7. The two companies, Abraham alleged, intended to rotate money between group
companies. Though the OFCD instruments were issued in the name of the two companies,
cheques were sought in the name of Sahara India.

8. When Sebi issued its order on the wrongdoings of the Sahara group on June 23, 2011,
Sahara group took the matter with Securities Appellate Tribunal (SAT). But SAT held the
Sebi findings to be correct.

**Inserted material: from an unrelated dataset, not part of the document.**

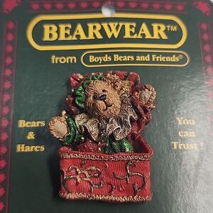 Charming Bearwear bear pin with intricate details. Features a bear in a red box.
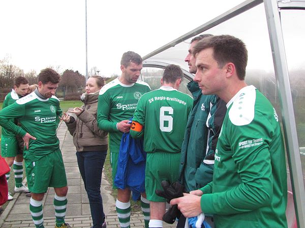 Die Rennstädter (in Blau) hatten einen guten Start und erzielten drei ihrer sechs Tore in der ersten Viertelstunde und danach noch ein viertes. Nach fünfundzwanzig Spielminuten war die erste nennenwerte Torchance unserer Pleißestädter (in Grün) zu sehen, als Christoph Rother freistehend zum Kopfball kam. Kurz vorm Pausenpfiff erzielten wir den Anschlußtreffer. Nach dem Seitenwechsel konnte Frohburg mit zwei weiteren Toren nachlegen. Unsere Heimelf von der Pleiße gab sich nie auf und erzhielte noch zwei Anschlußtore, so dass es bei drei Toren Unterschied für die Gäste blieb. Die Torfolge: 06. Min. 0:1 Toni Frank 13. Min. 0:2 Alexander Steinbach (aus spitzem Winkel) 15. Min. 0:3 Alexander Steinbach 34. Min. 0:4 Florian Schütze 42. Min. 1:4 Tino Naumann Schiedsrichterpfiff zum Pausentee durch Patrick Rohr 47. Min. 1:5 Pilipph Jacob 50. Min. 1:6 Alexander Steinbach 61. Min. 2:6 Christoph Winter (nach Torwartfehler) 68. Min. 3:6 Sören Paul (mittig Drehschuß) Schlußpfiff !!! Was rund um das Testspiel noch erwähnt werden sollte: Wir Regiser hatten nur einen Wechselspieler, während bei Frohburg zeitweise vier Spieler auf der Bank saßen. Die Wechsler trotzten dem eisigen Wind, indem sie sich durch Ausdauerläufe warm hielten. Ursachenforschung für unsere Pleißestädter Niederlage; für uns Regiser um unseren Kapitän Sven Streitberg war es nach der Winterpause der erste Freilufttest. Vielleicht war es auch das Fehlen des verhinderten Spielertrainers Swen Licht, dessen Dirigieren von der Außenlinie fehlte. Was noch auffiel: die Parkplätze und eine Anliegerstraße, unmittelbar am Stadion, waren zugeparkt. In der zu unserem Dr. Fritz–Fröhlich–Stadion gehörenden Sporthalle veranstaltete der TSV Lobstädt, zusammen mit dem 1.FC Lok Leipzig, ein Fußball–Nachwuchturnier. Und für den Sonntag wurde ein weiteres Nachwuchturnier angekündigt. Angemerkt, in der Vorwoche mußte unser SVR–Testspiel gegen den SV Lok Engelsdorf witterungsbedingt ausfallen (Tauwetter). Siehe auch Leipziger Sportbuzzer, einem zur Leipziger Volkszeitung (LVZ) gehörenden Internetportal. Vorausgeschaut: Samstag, 06.02.2016 Testspiel, 14.00 Uhr SV Regis–Breitingen gegen SV Spora - abgesagt !!! Ursache: In Sachsen–Anhalt sind Nachholer angesetzt !!! Interessenten für ein Testspiel auf dem Kunstrasen unseres Dr. Fritz–Fröhlich– Stadions bitte beim Vereinschef Werner Heiche (Sportgaststätte) melden. Samstag, 13.02.2016 Dr. Fritz–Fröhlich–Stadion Heimpunktspiel–Nachholer; Anstoß 14.00 Uhr SV Regis–Breitingen gegen SV Groitzsch Zweite Sonntag, 21.02.2016 auswärtiger Punktspiel–Nachholer; Anstoß 14.00 Uhr Thierbacher SV gegen SV Regis–Breitingen |

SAT in its order said What it (Red Herring Prospectus) did not
disclose was the fact that the information memorandum was being issued to more than 30
million persons inviting them to subscribe to the OFCDs and there lies the catchThis
concealment is, indeed, very significant and goes to the root of the controversy.

9. Sahara group then approached the Supreme Court but in August 2012, the honourable
court asked the group to repay an amount of over Rs 24,000 crore to Sebi within 90 days.
The regulator will then distribute the money to bonafide investors. But suddenly Sahara said
it had repaid most of the money over the last one year and an amount of just over Rs 5,000
crore was pending.

Does ofcd come under the jurisdiction of sebi.


Whether the hybrid OFCDs fall within the definition of "Securities" within the
meaning of Companies Act, SEBI Act and SCRA so as to vest SEBI with the
jurisdiction to investigate and adjudicate. Observations of SC: OFCDs issued by
the two companies are in the nature of "hybrid" instruments but it is "Security"
within the meaning of Companies Act, SEBI Act and SCRA. Although the definition
of "Securities" under section 2(h) of SCRA does not contain the term "hybrid
instruments" but it is inclusive definition and covers all "Marketable securities".
OFCDs were offered to millions of people hence it were marketable. The name
itself contains the term "Debenture", it is deemed to be a security as per the
provisions of Companies Act, SEBI Act and SCRA.